(Beginning of DATA BLOCK)

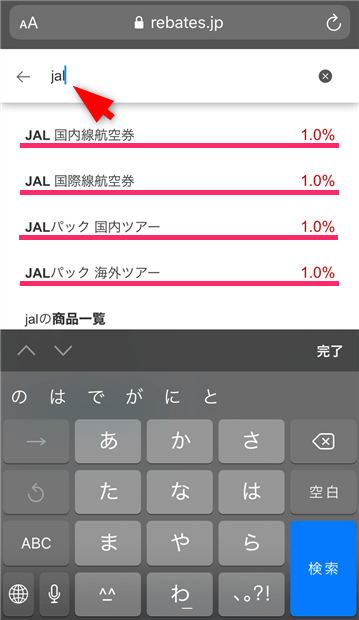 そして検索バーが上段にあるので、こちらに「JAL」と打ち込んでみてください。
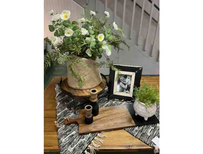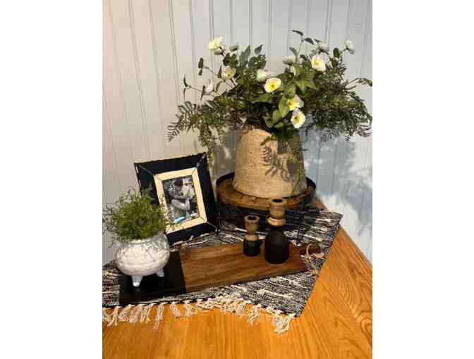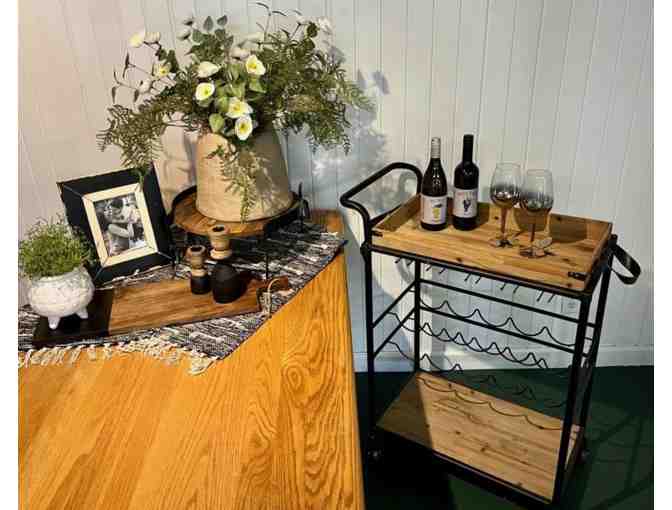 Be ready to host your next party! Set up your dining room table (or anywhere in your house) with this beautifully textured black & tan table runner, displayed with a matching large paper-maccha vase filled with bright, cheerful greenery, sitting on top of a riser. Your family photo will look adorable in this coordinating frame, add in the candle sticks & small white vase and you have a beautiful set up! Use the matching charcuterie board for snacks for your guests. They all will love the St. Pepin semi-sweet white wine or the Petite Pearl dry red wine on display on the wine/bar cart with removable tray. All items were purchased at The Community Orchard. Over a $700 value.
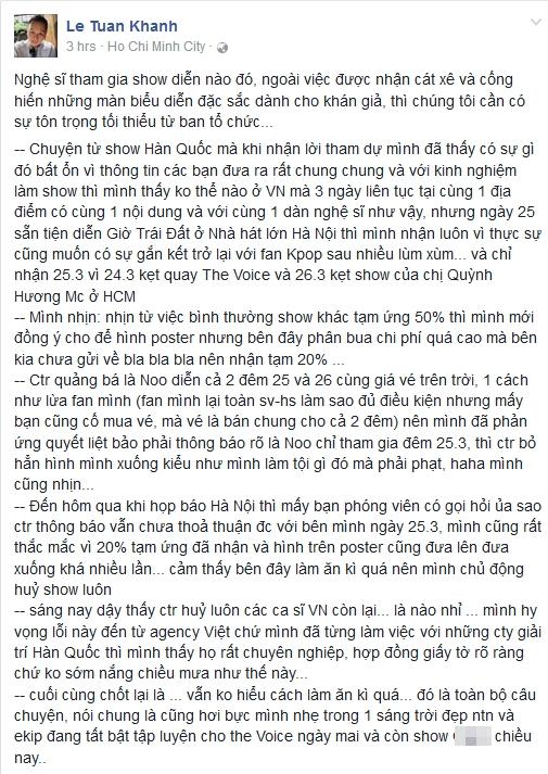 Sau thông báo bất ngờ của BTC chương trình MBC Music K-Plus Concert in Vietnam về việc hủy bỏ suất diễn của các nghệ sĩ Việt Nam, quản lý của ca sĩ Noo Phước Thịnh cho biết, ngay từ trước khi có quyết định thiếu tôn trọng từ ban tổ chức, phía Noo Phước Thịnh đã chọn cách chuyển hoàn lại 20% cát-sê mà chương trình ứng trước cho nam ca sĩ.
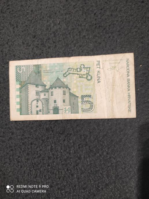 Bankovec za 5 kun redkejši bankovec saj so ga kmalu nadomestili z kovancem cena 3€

(End of DATA BLOCK)

** REQUIREMENT **
After locating the line that contains "Sau thông báo", output it and all later lines through the end of the material exactly, leaving out pictures.

** WRITTEN RESPONSE **
 Sau thông báo bất ngờ của BTC chương trình MBC Music K-Plus Concert in Vietnam về việc hủy bỏ suất diễn của các nghệ sĩ Việt Nam, quản lý của ca sĩ Noo Phước Thịnh cho biết, ngay từ trước khi có quyết định thiếu tôn trọng từ ban tổ chức, phía Noo Phước Thịnh đã chọn cách chuyển hoàn lại 20% cát-sê mà chương trình ứng trước cho nam ca sĩ.
 Bankovec za 5 kun redkejši bankovec saj so ga kmalu nadomestili z kovancem cena 3€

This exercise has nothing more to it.